Aims to replace physical experiments in extreme or expensive conditions with numerical experiments.
Long trajectories are necessary to access dynamical properties, and parametrize models on larger scales.
Many algorithmic tricks are needed to simulate long trajectories reliably and efficiently, and sample the whole configuration space.
Length of sampled trajectories is hindered by metastability/stiffness/separation of timescales, the manifestation of free-energetic barriers larger than typical thermal fluctuations.
Configurational ensemble has many modes, corresponding to metastable states.

The timescale problem in MD

Accessible systems for direct MD Scaling in simulations: from petascale to exascale.

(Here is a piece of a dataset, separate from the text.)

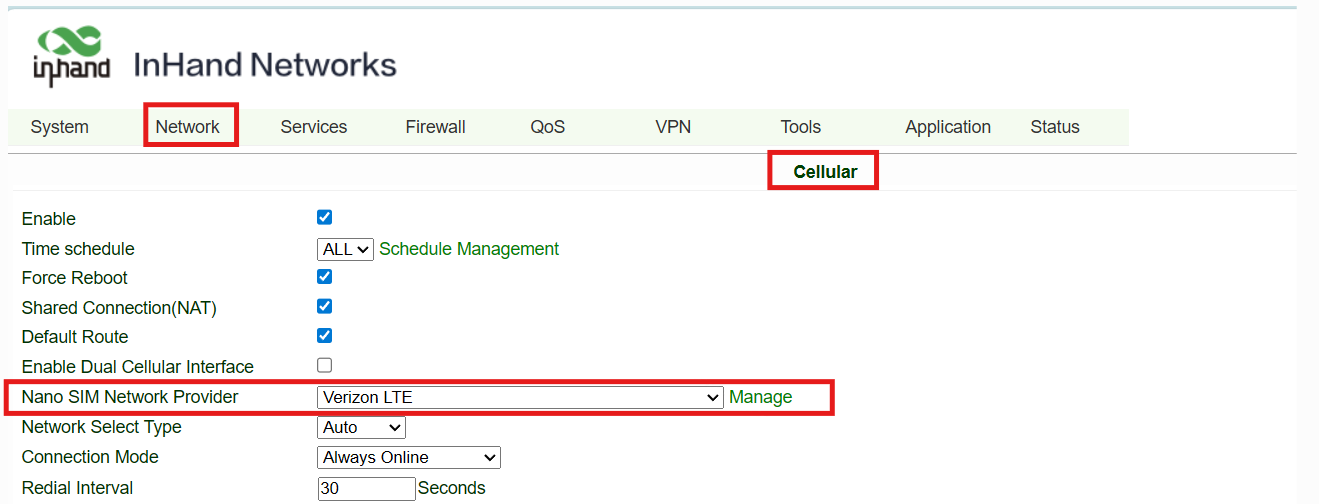 - At Nano SIM Network Provider, select Verizon LTE profile:

Courtesy of Danny Perez (LANL)

Parallelization in space is “easy”, parallelization in time is much harder.
Accelerated dynamics methods: (Hyperdynamics (Voter 1997), Temperature Accelerated Dynamics (Sørensen and Voter 2000), Parallel Replica (Voter 1998)) can help.
Metastable dynamics jump rarely and suddenly between metastable states.
Accelerated MD aims at predicting the sequence of states and transition times correctly by sacrificing resolution of the dynamics inside each state.
Spatial coarse-graining strategy.
Key idea: the system will typically converge in a statistical sense to a local equilibrium within a metastable state \(\Omega\) and remain there for a long time before exiting.
For this idea to be valid, and for efficient algorithms, we require: \[ \frac{\text{Typical time to converge to local equilibrium in }\Omega}{\text{Typical time to exit from }\Omega} \ll 1. \]

Dynamical setting

Molecular trajectories are solutions to a stochastic differential equation: \[ \mathrm{d}X_t = -a(X_t)\nabla V(X_t)\,\mathrm{d}t + \frac1\beta\mathrm{div}\,a(X_t)\,\mathrm{d}t + \sqrt{\frac{2}{\beta}}a(X_t)^{1/2}\,\mathrm{d}W_t, \]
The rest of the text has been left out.